Great Britain was about to plunge into war, east and west, north and south. Criminal misgovernment at home had produced revolt abroad. Disaster after disaster and disgrace after disgrace were soon to befall the British arms. The Anglo-Saxon race was about to be split in two, and England herself was to fight, if not for her very existence, at least for her honourable place among the nations.
All this Warren Hastings foresaw with that marvellous prevision which made some of his actions look almost prophetic, and determined that, come what might elsewhere, the Star of the East should not be plucked from the British Crown. He was not a soldier. He was an administrator. His task was not to increase but to hold. He was by no means always successful in war, and in all his long rule he never added a province or a district to the area of British India; but what Clive won he held and strengthened during those fateful years when the destiny of Britain as an empire was trembling in the balances of Fate.
Now, to keep India, money was absolutely necessary, and the getting of it was not always work that could be done with kid gloves on, and the greatness of Warren Hastings as Empire-Maker or Holder may be seen in the fact that he deliberately, and with his eyes open, risked his future fortune and reputation in the doing of this work by the only means available.
He knew that his methods would be censured by his masters and made unscrupulous use of by his enemies, and he said so in so many words, and, careless of criticism and undeterred by the most virulent and treasonable opposition, he succeeded so far that he was able to say with truth that he had rescued one province from infamy, and two from total ruin. It is simply amazing to the dispassionate reader of the present day to watch the needless struggles which were imposed upon this man, already confronted by a titanic task, by the very men who ought to have been the first, for their own sakes and their country’s, to have made his way as smooth and his burdens as light as possible.
The man who may be fairly described as the evil genius of Warren Hastings’ career was that Sir Philip Francis who is generally looked upon as the author of the far-famed Letters of Junius.
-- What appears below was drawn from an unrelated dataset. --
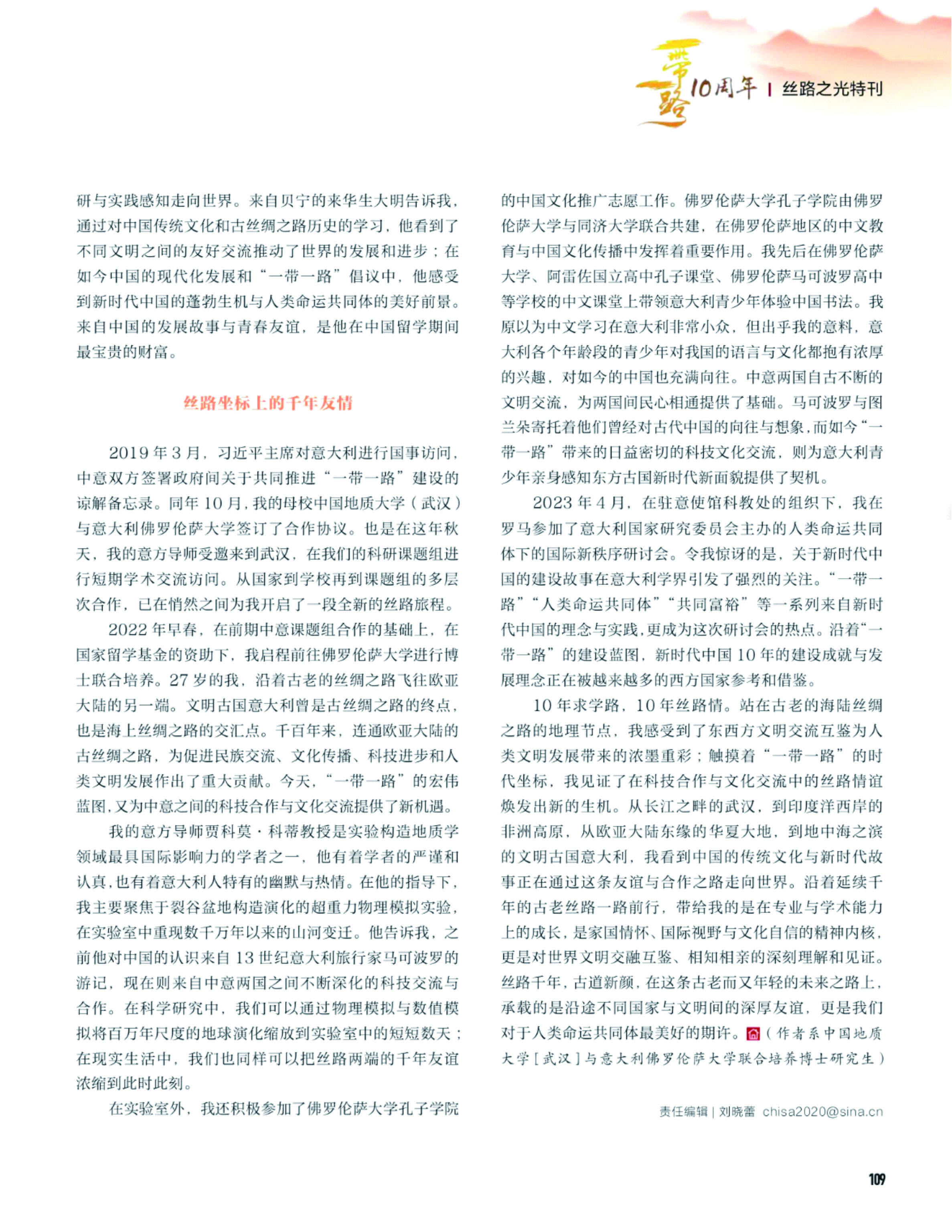 (武汉)与意大利佛罗伦萨大学的十年求学路上对“一带一路”建设的切身见证和深刻感悟,展现了我院学子在专业学术能力上的成长和家国情怀、国际视野与文化自信的精神内核。

He and Sir John Clavering, both personal enemies of the Governor-General—as he was now—were sent out as members of the Council, and to the days of their death they never ceased to thwart and embarrass him by every means in their power.
One reason for their enmity was undoubtedly the sordid motive of getting him turned out of the Governor-Generalship in order that one of them might succeed to his office, and that both might share in the fruits of the extortions which, in him, they condemned.
This was not only unjust to Hastings, but it was also a crime against their country, committed at a moment when she had all too much need of such men as he was.
To my mind, at least, there is a very strong resemblance between the savage invective of Junius and the consistent and unscrupulous malevolence with which Sir Philip Francis tried to wreck the life-work of a man at whose table he was not worthy to sit.
Those were days in which political rivalry and personal enmity entailed personal consequences if they were pushed too far. Hastings seemed to have come at length to the conclusion that India was not large enough to hold himself and Francis. He had submitted to insult after insult, and he would have been something more than human if his enemy’s unceasing efforts to make his life a misery and his work a failure had not left some bitterness in his soul, and so one fine day he sat down and embodied his opinion of him in a Minute to the Council, and in this he purposely put words which meant inevitable bloodshed:
“I do not trust to his promise of candour; convinced that he is incapable of it, and that his sole purpose and wish are to embarrass and defeat every measure which I may undertake or which may tend even to promote the public interest if my credit is connected with them.... Every disappointment and misfortune have been aggravated by him, and every fabricated tale of armies devoted to famine and massacre have found their first and most ready way to his office, where it is known they would meet with most welcome reception.... I judge of his public conduct by my experience of his private, which I have found void of truth and honour. This is a severe charge but temperately and deliberately made.”